As for security, it also differs from standards we are used to, and system of social regulation and control is not conventional. “In urban ghettos, where underground activity is publicly prominent, there may still be “eyes on the street” approaches where passerby, hustlers, and other local inhabitants police each other’s activities,” Venkatesh notes (“Off the Books” 207). It means that responsibility for security is distributed to different groups of population who unite into public order squads and not on the police. The residents become responsible for their own family members and take efforts to make the life better for others. Venkatesh tells about the theory of “sidewalk” proposed by Jane Jacobs, according to which “vibrant thoroughfares, which combine commerce and pedestrian fellowship, are an ideal type of informal social control” (207). Still, the majority of Harlem residents are not able to afford insurance to prevent burglary and to protect themselves and their apartments. Gangsters still go on reigning, and the system is not able to abolish it, because gang is also a cog in the machine the later won’t work without. Sudhir A. Venkatesh admits that:

for gang members, the wider community can be a field of antagonistic social interaction, colored by the persistent need to respond to altercations with storeowners, law enforcement  and truancy officers, family members, and so on, all of which shape the individual’s tolerance for gang activity. (“American project” 163)

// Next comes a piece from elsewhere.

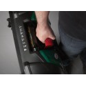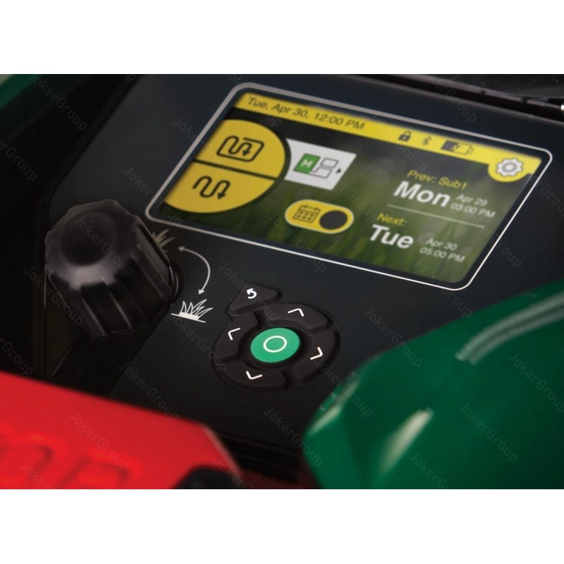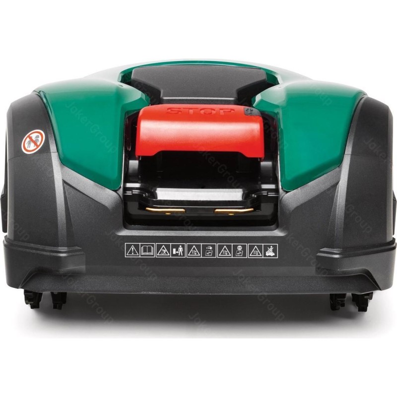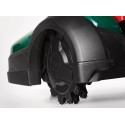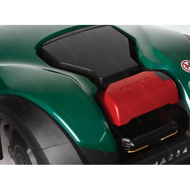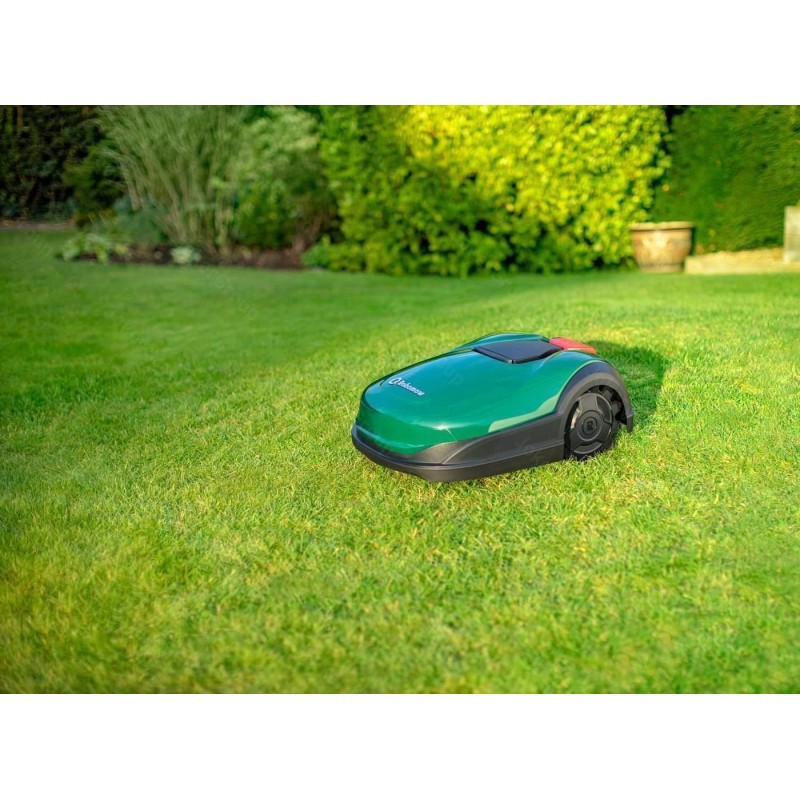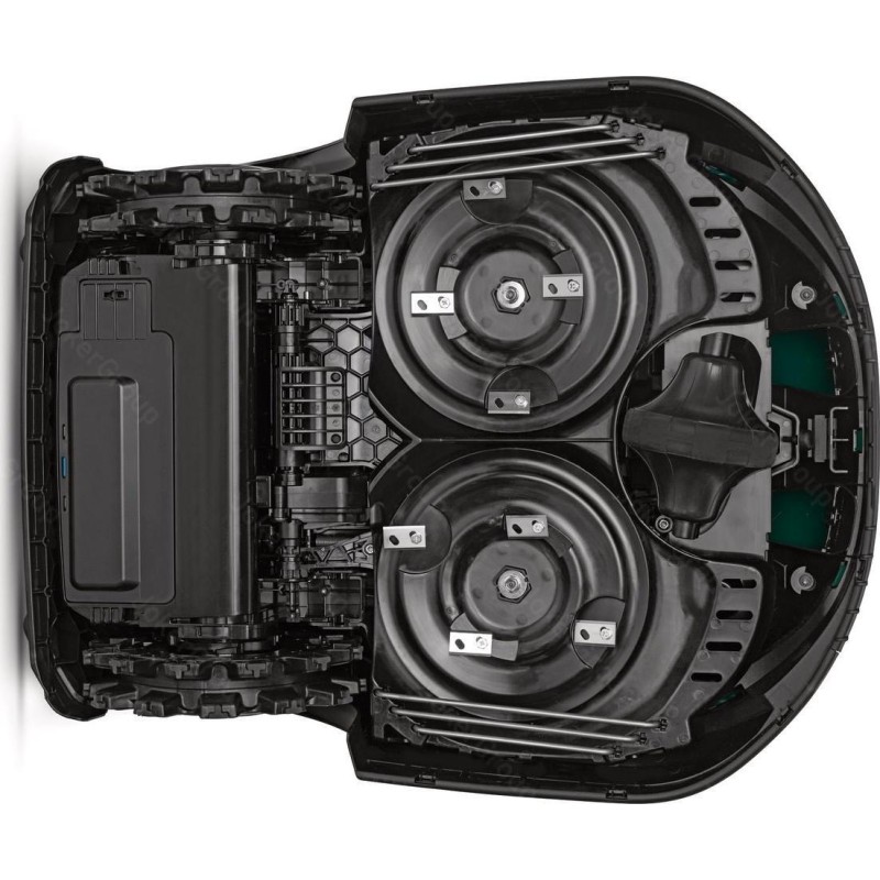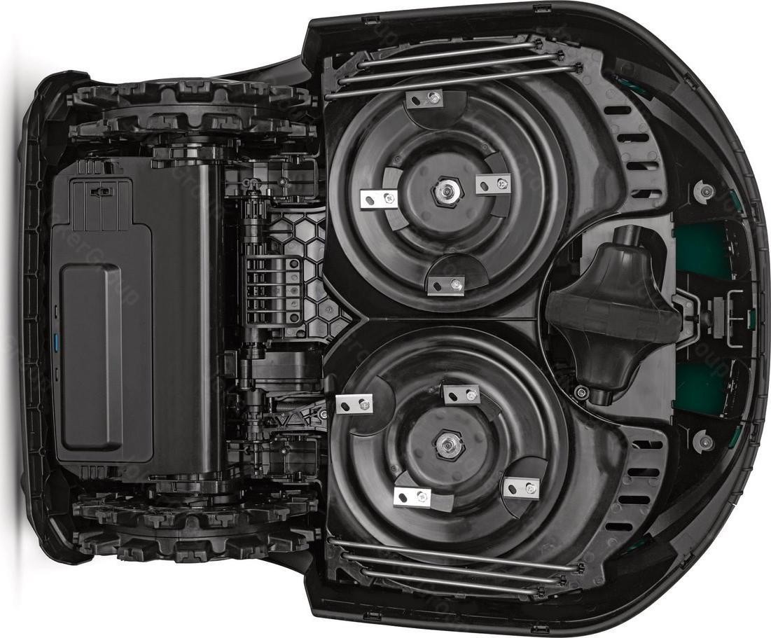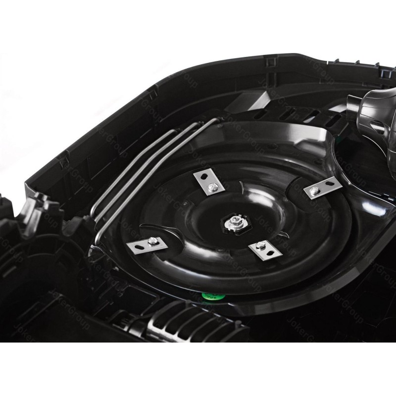 Typ silnika: elektryczny, indukcyjny. Zasilanie: 18,15V. Pojemność akumulatora: 9,6 Ah. Rodzaj akumulatora: litowo-jonowy. Ilość akumulatorów: 1. Średni czas pracy (1 ładowanie): 110 - 120 min. Średni czas ładowania: 90 - 110 min. Maksymalny obszar pracy: 4000 m2. Szerokość koszenia: 42 cm. Minimalna wysokość koszenia: 20 mm. Maksymalna wysokość koszenia: 100 mm. Tryby koszenia: losowy. Rodzaj ostrza tnącego: 2 x cztery oddzielne, podwójne nożyki. Liczba stref koszenia: 6. Maksymalne nachylenie: 45%. Stacja dokująca w zestawie: tak. Sposób powrotu do stacji dokującej: po kablu. Przewód sygnałowy w zestawie: nie. Szpilki mocujące przewód w zestawie: nie. Czujnik deszczu: nie. Czujnik przechyłu: tak. Czujnik wykrywania przeszkód: tak. Czujnik podnoszenia: tak. Moduł BLUETOOTH: tak. Aplikacja mobilna: tak. Moduł GSM: tak. Funkcja dokaszania obrzeży: tak. Zabezpieczenie kodem PIN: tak. Wyłącznik bezpieczeństwa: tak. Wyświetlacz LCD: tak. Cechy dodatkowe: pływające kosisko, zdalna obsługa serwisowa dzięki modułowi GSM.

In their own flats and in their own lives most residents of Harlem feel trapped. As for the alternative, “there is little to draw on for an appreciation of in-group lending, credit and loan-shark services, informal and unreported hiring, and so on among black ghetto merchants” (“Off the Books” 98). Poverty and ghetto cage are like epidemic one can easily get infected or – try to recover. To succeed in the latter, strong inner force is needed, but the reward is worse. The way out is to decide what you really want from this life and what you personally can offer to the society. Confidence, intelligence, patience and passion are needed strongly. The rule that circle of your contacts defines who you are, is decisive here.

So, a lot has been done for the representatives of Harlem ethnic minorities to become equal members of the society, both from the side of the residents and from the state. But all in all, despite great advances, discrimination still exists. As Gina Philogene sums up, “the progress toward racial equality notwithstanding, race continues to define the culture of the United States, keeping its citizens from developing the just society” (111). The first and foremost way out is to overcome a habit of third-rate life and to change milieu, as it is not a field for a team game, but for an individual struggle only.